City COVID-19 Recovery Funds Have Been Spent

The $600,000 city officials received from the federal government to help businesses and renters during the COVID-19 pandemic have been spent.

Crystal Surdyk, city development director, announced Monday during a Jamestown City Council work session meeting that once all of the submitted applications are processed the funding will be gone.

“Some of the applications are still being processed,” she said. “If each one is awarded then we will be out of our funds, which is a good thing. It means we’ve helped a lot of people.”

The city received $704,881 from the U.S. Department of Housing and Urban Development, which was authorized by the Coronavirus Aid, Relief and Economic Security (CARES) Act. Of the $704,811 in funding, $600,000 was allocated to two programs, one to assist local businesses and one to help renters. The other $104,811 went toward administration costs. Businesses were allowed to apply for up to $20,000 in funding while renters were allowed to apply for $1,500.

Surdyk told the council 27 grants were given to businesses totalling $528,700. She said, so far, 28 renters have been provided assistance, with more applications to be processed.

If those applications are approved, then $71,300 will be provided to city tenants.

Businesses and tenants that applied needed to provide proof of negative economic impact due to the COVID-19 pandemic to receive funding. Last month, it was announced 18 businesses had received the funding. Those businesses include The Pub; Fringe Hair; The Landmark; Escape Rooms Jamestown; Lotus Healing Center; Nouveau Salon & Day Spa; Panache Salon & Day Spa; Sauce; Tarp Skunks; Allen Street Diner; 4 Below Haggy’s Bar and Grill; Jamestown Bowling Company; The Cherry Lounge; The Chop House; Forte; Gialy’s; Shawbucks; and Lisciandros.
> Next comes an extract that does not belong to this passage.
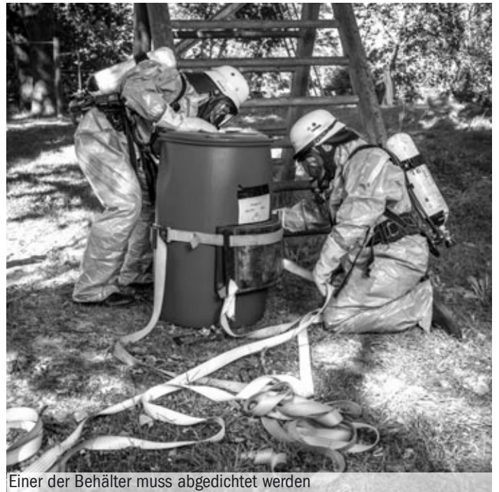
Einer der Behälter muss abgedichtet werden

In other business, the council also heard a report from Ben Haskin, city associate counsel, who is working on the Zombie and Vacant Properties Remediation and Prevention Initiative grant. He said city officials have been working on finding vacant and foreclosed properties that are not currently registered on the state Department of Financial Services list of vacant and foreclosed properties. He added city officials randomly selected the order of each ward that will be examined to find vacant and foreclosed properties that weren’t registered before.
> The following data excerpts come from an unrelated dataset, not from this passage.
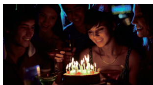
Senza Super LoLux

Il sensore d'immagine CMOS retroilluminato da 2,5M permette di rendere più luminose le scene in interni e notturne.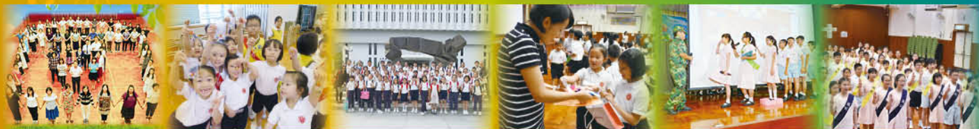
全體教職員合照 基督小先鋒—小一串唸珠活動 參觀「窯火天工：香港中文大學文物館藏歷代陶瓷展」 敬師日活動 畢業典禮英文話劇 風紀宣誓就職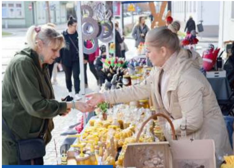
Mieszkańcy chętnie sięgali po lokalne produkty spożywcze i rękodzieło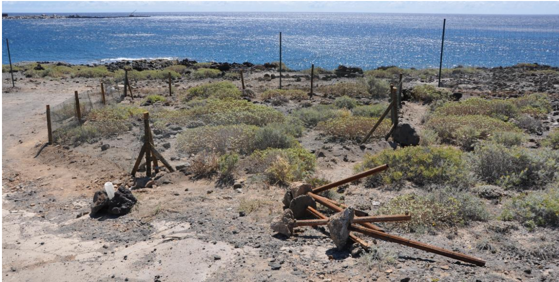
Figura 6. Valla interior (5) con soporte de madera y rejilla plástica (02/04/2013)

Haskin said city officials have completed analyzing Ward 2 and 4 and found 37 additional vacant and foreclosed properties, with 23 in Ward 2 and 14 in Ward 4. He said prior to the work done to find unregistered vacant and foreclosed properties, city officials knew of 75 condemned properties and 43 zombie properties in the city.
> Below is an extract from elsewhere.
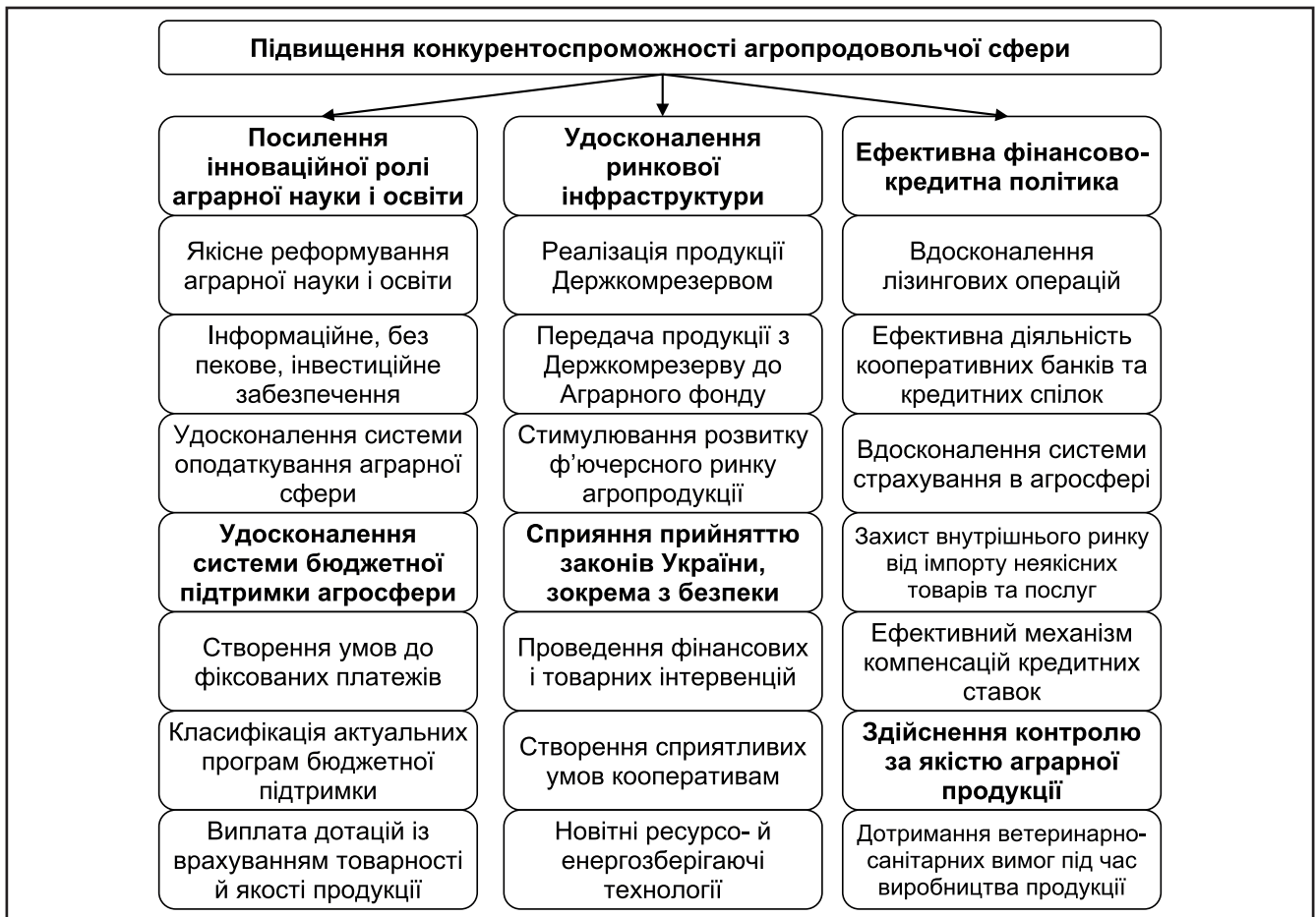
Рис. 2. Актуальні завдання держави з підвищення конкурентоспроможності агропродовольчої сфери

Узагальнено авторами на основі [3; 5; 11]

“We don’t know how many additional houses we will find in the other four wards,” he said.

Haskin also talked about how city officials will be creating a vacant property task force as part of the grant. He said neighborhood groups, city stakeholders and nonprofit agencies will be a part of the task force.

In July 2019, state officials announced Jamestown officials received funding from “Zombies 2.0” that provides municipalities with the resources to address housing vacancy and blight. The grant provided $200,000 in funding to the city to increase housing code enforcement, track and monitor vacant properties, and bolster legal enforcement capacity to ensure banks and mortgage companies comply with local and state law.

In October 2016, city officials received its first state zombie grant for $150,000. The funds from the first Zombie Remediation and Prevention Initiative program addressed housing vacancy and blight by bolstering municipalities’ capacity for housing code enforcement, for tracking and monitoring vacant properties and for legal enforcement capacity to ensure banks and mortgage companies comply with local and state law. The grant also require communities to develop innovative programs and policies and connect at-risk homeowners to services, so they can avoid foreclosure and stay in their homes.

The “Zombies 2.0” program is a result of the Office of the Attorney General’s $500 million settlement with the Royal Bank of Scotland in 2018 over the bank’s deceptive practice and misrepresentations to investors relating to the packaging, marketing, sale and issuance of residential mortgage-backed securities that can lead to financial crisis. To be eligible, cities, towns and villages had to individually or for joint applications combined have at least 5,000 residents and more than 100 vacant properties.